Но Луиджи, казалось, стал с этого времени обращать на меня гораздо меньше внимания. Он не интересовался тем, что я делаю, и это меня радовало. Я часто отлучался к отцу Себастьяну, поверяя ему свои несчастья. Отец Себастьян тогда уже сильно хворал, его мучил застарелый недуг, но он выслушивал меня всякий раз терпеливо, наставлял и благословлял краткой молитвой. Он знал, что мне не легко жилось в доме такого легкомысленного и неверующего человека, каков был Луиджи.
Еще в одном человеке я встретил участие, взволновавшее меня до глубины души. Это была Наталина. Она и сама, я думаю, не раз имела повод испытывать недовольство черствостью Луиджи, который, казалось, и не помышлял о том, чтобы заработать побольше денег и тем приблизить свадьбу, а вместо этого предпочитал иной раз целыми днями пропадать на островах По, что в стороне Пьячченцы, играть на скрипке или бражничать с друзьями.
- Не дается тебе, - сказала мне однажды Наталина, увидев, что я вырезаю головку. - Ничего, не отчаивайся, научишься - будешь работать не хуже других.
С тех пор я, помню, всегда старался поймать хоть взгляд ее ласковых глаз, хоть почувствовать веянье воздуха от накинутого на ее плечи, расцвеченного большими цветами, легкого меццаро, подаренного ей Луиджи. И она, видимо, уловив это, подсаживалась иногда мимоходом ко мне и дружелюбно болтала со мной, чем доставляла мне большое утешение и поддержку.
Луиджи, как я сказал, мало обращал на меня внимания, тем более, что к этому времени он принялся за большую работу, заказанную ему - два квартета, - и, кроме того, ему надлежало закончить починку трех скрипок, которую он весьма затянул, пренебрегая такой работой, дававшей, однако, не плохой доход. Он ходил сосредоточенный и молчаливый. Как вдруг к этому времени произошел случай, который доставил мне новое незаслуженное унижение.

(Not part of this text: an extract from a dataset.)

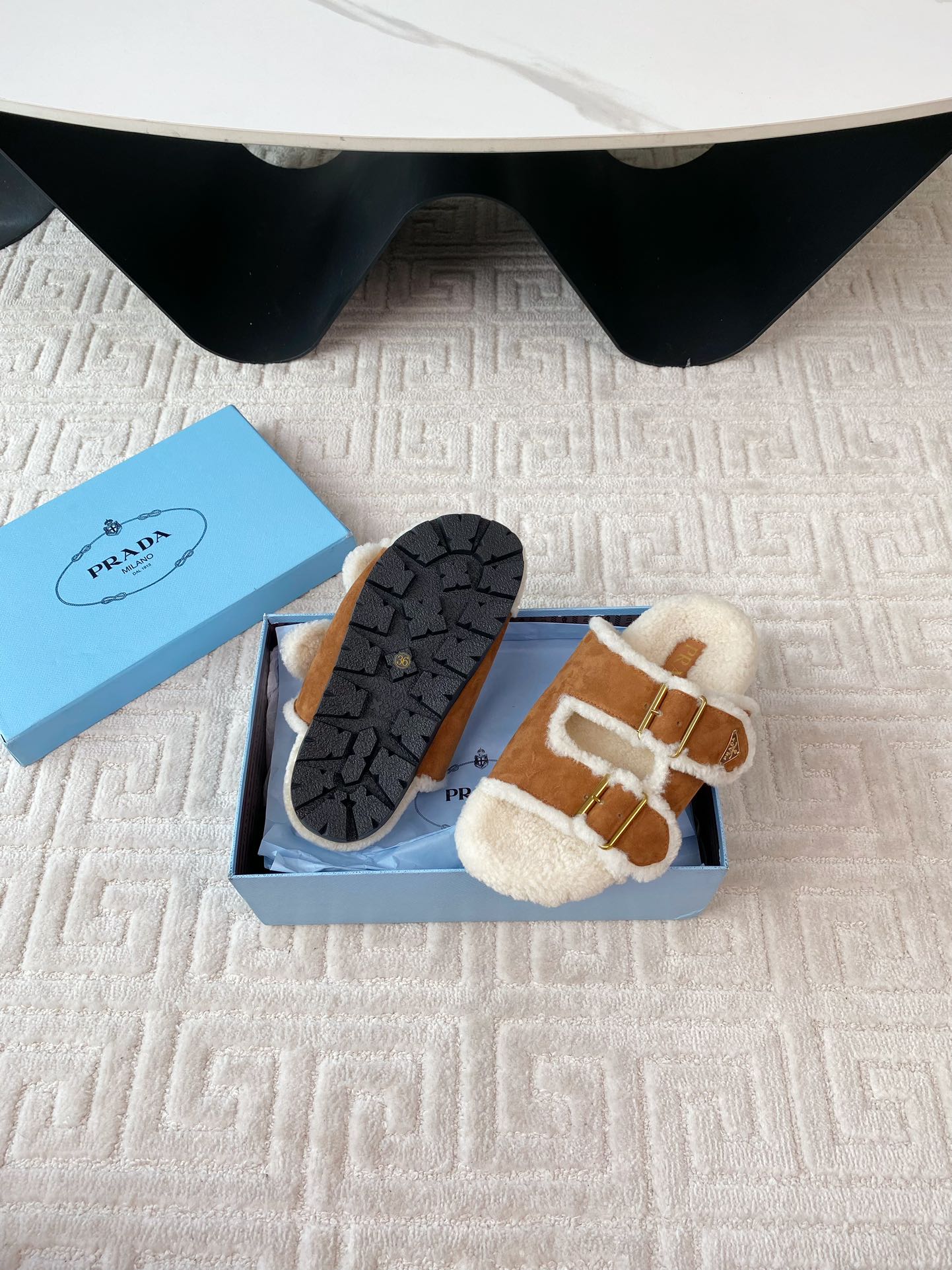 這款鞋子是AAAAA 1:1 質量(非常棒). 使用了和原版一模一樣的材料. 商標部分也保持了和普拉達/Prada一樣. 圖片拍攝是實物鞋子拍攝, 您所收到的實物保證和我們圖片一模一樣.

Около нашего дома появилась приблудшая собака. Сперва она приходила рыться в отбросах, а потом и вовсе поселилась где-то недалеко под сгнившим боченком. Эта сука мне сразу опративила своим воем по ночам. Я знаю, что это не к добру, а когда меня постигли неудачи, то этот вой тем более нагонял на меня тоску. Вскоре она ощенилась и еще чаще стала попадаться на глаза.
Однажды, выйдя на пустырь с особенно тягостным чувством своей незадачливости, я брел вперед, не думая о том, куда иду. Был поздний вечер, месяц был на ущербе и светил тонким светом, я едва различал лежащие кругом кучи мусора. Вдруг я наступил на что-то живое, послышался визг, проклятая сука вырвалась у меня из-под ноги, одновременно укусив меня, и пустилась наутек. Я бросил ей вдогонку несколько камней, но, разумеется, не попал и поклялся ее доконать как можно скорее.